= Halberstadt B types =

Family of German reconnaissance/training aircraft

The Halberstadt B-types of the Halberstädter Flugzeugwerke were two-seat unarmed reconnaissance/training aircraft of the German Air Force in the First World War.

== Development ==
In 1914, Halberstadt developed a biplane with the Oberursel U.0 rotary engine with 80 hp, which was referred to as Halberstadt B.I and was given the factory name A15. The Halberstadt B.II (B15) was built with a Mercedes D.I inline engine with 105 hp and in 1915 the Halberstadt B.III was produced with the slightly stronger Mercedes D.II (120 hp).

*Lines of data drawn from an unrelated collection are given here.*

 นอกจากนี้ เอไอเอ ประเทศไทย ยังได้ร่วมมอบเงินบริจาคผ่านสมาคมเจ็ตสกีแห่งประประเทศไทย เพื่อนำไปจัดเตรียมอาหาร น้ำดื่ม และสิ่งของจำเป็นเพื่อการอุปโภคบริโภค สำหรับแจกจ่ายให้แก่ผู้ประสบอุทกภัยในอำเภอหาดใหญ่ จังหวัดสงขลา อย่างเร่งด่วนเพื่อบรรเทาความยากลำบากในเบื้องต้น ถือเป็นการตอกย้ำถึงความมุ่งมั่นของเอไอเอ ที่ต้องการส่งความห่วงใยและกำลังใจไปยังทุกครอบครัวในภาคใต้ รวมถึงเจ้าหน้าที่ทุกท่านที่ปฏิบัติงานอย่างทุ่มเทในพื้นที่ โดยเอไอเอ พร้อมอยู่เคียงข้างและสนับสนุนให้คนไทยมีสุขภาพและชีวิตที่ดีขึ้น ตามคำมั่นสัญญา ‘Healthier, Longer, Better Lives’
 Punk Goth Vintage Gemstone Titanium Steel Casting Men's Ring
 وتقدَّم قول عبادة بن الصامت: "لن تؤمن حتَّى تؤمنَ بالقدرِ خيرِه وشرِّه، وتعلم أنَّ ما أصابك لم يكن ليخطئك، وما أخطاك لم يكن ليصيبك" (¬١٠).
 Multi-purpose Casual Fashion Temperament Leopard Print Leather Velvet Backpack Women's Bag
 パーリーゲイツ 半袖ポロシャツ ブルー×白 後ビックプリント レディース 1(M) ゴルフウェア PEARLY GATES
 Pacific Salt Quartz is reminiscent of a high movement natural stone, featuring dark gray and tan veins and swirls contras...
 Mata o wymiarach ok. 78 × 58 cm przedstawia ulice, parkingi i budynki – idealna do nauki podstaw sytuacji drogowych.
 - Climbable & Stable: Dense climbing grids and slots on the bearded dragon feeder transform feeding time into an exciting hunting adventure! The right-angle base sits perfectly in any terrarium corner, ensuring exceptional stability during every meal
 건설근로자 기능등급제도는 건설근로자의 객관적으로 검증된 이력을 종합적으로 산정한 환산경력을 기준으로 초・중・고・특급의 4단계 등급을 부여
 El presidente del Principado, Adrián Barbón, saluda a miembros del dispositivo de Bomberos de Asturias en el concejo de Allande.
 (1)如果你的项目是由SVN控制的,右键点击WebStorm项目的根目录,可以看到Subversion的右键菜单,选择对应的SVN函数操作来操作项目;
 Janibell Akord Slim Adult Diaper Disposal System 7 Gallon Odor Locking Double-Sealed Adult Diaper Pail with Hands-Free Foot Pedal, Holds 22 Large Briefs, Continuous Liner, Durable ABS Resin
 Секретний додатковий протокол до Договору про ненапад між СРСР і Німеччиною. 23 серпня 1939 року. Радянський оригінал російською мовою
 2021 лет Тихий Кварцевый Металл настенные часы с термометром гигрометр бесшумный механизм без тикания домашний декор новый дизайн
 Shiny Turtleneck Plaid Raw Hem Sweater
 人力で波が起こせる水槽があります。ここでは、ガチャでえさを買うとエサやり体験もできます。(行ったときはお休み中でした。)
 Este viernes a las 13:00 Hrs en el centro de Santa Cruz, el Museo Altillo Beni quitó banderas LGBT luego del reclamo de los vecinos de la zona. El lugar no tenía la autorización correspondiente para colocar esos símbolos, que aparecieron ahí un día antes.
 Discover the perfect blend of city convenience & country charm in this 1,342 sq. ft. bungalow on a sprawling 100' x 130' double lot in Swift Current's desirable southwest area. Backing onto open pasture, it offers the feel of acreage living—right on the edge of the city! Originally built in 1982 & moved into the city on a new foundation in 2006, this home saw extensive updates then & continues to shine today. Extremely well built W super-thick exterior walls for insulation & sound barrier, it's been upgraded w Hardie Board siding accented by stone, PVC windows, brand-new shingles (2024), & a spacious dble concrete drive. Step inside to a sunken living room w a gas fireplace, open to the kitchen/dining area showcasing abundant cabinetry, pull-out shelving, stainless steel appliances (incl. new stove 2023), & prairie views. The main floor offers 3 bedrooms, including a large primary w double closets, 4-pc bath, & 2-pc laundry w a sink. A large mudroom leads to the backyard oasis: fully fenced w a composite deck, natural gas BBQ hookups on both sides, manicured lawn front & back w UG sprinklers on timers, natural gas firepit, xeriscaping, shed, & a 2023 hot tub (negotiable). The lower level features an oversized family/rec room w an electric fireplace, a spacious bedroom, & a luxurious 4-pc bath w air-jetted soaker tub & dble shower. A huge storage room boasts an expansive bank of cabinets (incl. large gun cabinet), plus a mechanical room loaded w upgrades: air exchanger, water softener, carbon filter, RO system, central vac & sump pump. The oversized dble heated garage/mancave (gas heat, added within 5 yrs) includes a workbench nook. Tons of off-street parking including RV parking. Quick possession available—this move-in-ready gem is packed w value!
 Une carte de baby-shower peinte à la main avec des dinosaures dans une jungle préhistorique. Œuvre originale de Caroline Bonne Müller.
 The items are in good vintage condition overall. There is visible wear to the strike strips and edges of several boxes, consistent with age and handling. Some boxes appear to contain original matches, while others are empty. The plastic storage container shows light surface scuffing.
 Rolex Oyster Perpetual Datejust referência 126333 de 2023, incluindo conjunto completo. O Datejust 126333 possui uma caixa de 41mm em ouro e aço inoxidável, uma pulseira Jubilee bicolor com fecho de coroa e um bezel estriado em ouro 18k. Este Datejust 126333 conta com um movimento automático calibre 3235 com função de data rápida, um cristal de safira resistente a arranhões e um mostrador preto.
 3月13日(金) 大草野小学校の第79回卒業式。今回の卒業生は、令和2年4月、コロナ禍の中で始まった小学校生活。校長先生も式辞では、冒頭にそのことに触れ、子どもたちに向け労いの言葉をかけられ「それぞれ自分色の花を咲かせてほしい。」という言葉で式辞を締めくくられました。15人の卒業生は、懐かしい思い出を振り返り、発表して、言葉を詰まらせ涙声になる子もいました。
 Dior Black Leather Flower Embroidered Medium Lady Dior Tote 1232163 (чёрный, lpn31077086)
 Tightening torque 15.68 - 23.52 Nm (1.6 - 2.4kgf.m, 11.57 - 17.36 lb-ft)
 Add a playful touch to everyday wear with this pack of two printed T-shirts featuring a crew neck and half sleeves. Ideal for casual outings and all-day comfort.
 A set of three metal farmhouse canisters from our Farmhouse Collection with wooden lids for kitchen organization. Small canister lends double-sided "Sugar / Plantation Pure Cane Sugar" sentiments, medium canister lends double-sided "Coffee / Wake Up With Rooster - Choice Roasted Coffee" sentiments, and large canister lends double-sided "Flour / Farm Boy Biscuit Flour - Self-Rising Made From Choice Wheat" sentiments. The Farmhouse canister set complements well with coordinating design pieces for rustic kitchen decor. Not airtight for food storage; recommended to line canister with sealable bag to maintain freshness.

Halberstadt B.II was used as the base for the first armed two-seater, the Halberstadt CL.II.

==Variants==
- A15
  Company designation of the aircraft that became the B.I
- B15
  Company designation of the aircraft that became the B.II
- B.I
  (Company A15) Reconnaissance aircraft powered by a 80 hp Oberursel U.0 rotary engine.
- B.II
  (Company B15) Reconnaissance aircraft powered by a 105 hp Mercedes D.I in-line engine.
- B.III
  (Company B15) Reconnaissance aircraft powered by a 120 hp Mercedes D.II in-line engine.

== Operational history ==
The B.I was used as a trainer aircraft, while the B.II and B.III briefly served as reconnaissance aircraft, but were later also used for pilot training.